Search the data below for the string "عليه". Extract every line that contains it.

▶ **Record excerpts**

-=-=-=-=-

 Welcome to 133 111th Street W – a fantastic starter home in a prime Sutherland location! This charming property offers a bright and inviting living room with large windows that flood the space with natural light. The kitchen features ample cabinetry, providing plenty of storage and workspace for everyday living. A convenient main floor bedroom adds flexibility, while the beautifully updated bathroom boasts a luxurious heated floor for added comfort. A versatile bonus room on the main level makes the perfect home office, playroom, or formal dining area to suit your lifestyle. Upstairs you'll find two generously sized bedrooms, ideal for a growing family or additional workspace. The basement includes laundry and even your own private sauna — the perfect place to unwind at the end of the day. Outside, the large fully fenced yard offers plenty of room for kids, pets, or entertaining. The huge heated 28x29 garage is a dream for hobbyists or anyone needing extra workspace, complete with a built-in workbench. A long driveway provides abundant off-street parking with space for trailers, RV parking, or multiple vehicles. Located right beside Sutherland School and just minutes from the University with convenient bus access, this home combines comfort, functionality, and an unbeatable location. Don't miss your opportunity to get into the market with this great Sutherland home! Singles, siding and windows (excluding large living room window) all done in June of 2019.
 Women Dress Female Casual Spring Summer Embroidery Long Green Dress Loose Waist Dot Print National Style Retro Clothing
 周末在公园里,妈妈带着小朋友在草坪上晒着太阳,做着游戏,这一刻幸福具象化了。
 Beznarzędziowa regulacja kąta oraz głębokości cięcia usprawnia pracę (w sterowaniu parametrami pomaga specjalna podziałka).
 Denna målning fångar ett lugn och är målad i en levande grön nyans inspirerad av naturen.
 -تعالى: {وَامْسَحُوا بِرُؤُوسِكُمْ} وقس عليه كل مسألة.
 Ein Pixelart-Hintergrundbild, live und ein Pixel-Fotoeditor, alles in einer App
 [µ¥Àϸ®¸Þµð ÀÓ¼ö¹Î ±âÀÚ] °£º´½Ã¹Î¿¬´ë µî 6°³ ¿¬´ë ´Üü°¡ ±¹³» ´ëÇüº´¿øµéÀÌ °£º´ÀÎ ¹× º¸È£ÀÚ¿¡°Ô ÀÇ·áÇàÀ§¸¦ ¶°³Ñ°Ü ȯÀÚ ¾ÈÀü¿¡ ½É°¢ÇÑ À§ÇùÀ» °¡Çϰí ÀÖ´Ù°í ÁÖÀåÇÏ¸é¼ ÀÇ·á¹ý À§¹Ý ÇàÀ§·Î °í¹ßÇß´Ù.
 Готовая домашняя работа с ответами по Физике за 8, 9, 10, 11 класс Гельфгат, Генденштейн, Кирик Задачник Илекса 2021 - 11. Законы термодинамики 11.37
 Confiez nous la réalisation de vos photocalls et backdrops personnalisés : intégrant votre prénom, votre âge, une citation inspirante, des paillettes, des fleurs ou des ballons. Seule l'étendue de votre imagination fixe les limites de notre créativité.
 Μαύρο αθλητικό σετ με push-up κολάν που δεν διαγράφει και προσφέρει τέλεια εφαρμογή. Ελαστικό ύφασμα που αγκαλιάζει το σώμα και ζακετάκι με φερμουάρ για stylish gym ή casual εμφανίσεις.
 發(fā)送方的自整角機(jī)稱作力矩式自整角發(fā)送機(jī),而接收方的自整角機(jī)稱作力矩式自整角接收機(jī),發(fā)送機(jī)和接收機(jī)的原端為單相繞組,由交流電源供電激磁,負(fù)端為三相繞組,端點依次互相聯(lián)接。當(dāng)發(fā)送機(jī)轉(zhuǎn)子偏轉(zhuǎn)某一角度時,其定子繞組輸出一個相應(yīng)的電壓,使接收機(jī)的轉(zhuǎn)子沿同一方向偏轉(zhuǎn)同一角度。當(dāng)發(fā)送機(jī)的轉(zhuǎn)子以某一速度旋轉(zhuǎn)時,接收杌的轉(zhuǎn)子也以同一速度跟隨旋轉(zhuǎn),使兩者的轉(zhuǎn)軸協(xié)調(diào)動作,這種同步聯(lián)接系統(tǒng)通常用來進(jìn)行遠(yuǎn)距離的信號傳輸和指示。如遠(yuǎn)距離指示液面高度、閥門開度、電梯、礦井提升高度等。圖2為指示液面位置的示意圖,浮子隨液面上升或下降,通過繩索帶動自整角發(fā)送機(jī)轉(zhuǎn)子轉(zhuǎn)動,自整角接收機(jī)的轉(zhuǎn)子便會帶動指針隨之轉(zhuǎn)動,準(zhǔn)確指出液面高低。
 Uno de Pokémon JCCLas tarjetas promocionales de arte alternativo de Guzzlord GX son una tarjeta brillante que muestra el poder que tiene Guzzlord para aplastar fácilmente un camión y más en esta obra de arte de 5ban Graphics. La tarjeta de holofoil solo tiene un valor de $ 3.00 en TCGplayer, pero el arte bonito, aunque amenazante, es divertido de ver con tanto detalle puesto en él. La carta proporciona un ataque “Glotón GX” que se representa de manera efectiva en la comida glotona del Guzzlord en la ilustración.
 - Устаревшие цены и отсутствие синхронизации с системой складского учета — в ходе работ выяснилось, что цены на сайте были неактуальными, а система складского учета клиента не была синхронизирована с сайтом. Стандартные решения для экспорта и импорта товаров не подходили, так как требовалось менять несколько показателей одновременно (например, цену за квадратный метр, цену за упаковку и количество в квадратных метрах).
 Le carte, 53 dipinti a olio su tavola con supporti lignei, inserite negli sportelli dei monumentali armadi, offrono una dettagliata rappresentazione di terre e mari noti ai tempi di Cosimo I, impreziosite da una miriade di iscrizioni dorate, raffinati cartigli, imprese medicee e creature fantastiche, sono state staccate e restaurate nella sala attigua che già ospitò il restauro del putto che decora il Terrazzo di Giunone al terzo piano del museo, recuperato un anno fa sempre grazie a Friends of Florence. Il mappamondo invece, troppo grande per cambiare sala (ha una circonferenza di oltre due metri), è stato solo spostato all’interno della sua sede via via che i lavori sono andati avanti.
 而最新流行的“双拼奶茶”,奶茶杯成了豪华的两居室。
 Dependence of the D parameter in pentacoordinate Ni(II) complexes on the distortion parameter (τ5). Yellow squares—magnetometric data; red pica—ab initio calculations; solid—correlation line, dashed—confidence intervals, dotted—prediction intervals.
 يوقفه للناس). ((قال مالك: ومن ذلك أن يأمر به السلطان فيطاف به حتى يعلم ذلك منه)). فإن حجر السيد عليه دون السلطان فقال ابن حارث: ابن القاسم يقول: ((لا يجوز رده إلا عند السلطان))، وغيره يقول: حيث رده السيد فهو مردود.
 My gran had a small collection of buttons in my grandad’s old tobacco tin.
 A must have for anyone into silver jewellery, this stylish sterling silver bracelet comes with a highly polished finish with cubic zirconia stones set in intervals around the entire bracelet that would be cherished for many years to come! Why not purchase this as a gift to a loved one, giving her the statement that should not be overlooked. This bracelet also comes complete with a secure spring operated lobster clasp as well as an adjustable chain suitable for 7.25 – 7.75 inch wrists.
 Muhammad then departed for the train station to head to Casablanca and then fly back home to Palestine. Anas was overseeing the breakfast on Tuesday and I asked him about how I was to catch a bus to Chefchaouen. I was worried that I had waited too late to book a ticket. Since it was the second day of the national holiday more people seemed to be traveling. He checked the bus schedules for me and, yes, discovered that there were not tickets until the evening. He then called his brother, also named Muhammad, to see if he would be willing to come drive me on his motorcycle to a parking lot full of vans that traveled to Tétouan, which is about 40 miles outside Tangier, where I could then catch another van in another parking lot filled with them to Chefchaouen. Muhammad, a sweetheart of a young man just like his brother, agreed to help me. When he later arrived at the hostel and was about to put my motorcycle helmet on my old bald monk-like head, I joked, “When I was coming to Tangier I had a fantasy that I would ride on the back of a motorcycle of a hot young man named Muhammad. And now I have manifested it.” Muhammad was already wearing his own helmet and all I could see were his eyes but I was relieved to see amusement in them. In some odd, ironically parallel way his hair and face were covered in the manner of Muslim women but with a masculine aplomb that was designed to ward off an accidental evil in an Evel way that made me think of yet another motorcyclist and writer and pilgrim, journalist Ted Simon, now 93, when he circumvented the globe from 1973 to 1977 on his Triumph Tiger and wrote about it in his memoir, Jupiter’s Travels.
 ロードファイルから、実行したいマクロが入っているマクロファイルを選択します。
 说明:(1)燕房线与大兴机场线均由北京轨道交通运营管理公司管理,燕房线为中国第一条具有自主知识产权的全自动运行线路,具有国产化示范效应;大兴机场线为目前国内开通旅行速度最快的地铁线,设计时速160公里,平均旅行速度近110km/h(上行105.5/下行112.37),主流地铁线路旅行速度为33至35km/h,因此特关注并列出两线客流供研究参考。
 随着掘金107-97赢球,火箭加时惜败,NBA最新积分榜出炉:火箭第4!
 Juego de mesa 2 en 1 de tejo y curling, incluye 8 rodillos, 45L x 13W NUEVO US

-=-=-=-=-

▶ **Solution to this task**
 -تعالى: {وَامْسَحُوا بِرُؤُوسِكُمْ} وقس عليه كل مسألة.
 يوقفه للناس). ((قال مالك: ومن ذلك أن يأمر به السلطان فيطاف به حتى يعلم ذلك منه)). فإن حجر السيد عليه دون السلطان فقال ابن حارث: ابن القاسم يقول: ((لا يجوز رده إلا عند السلطان))، وغيره يقول: حيث رده السيد فهو مردود.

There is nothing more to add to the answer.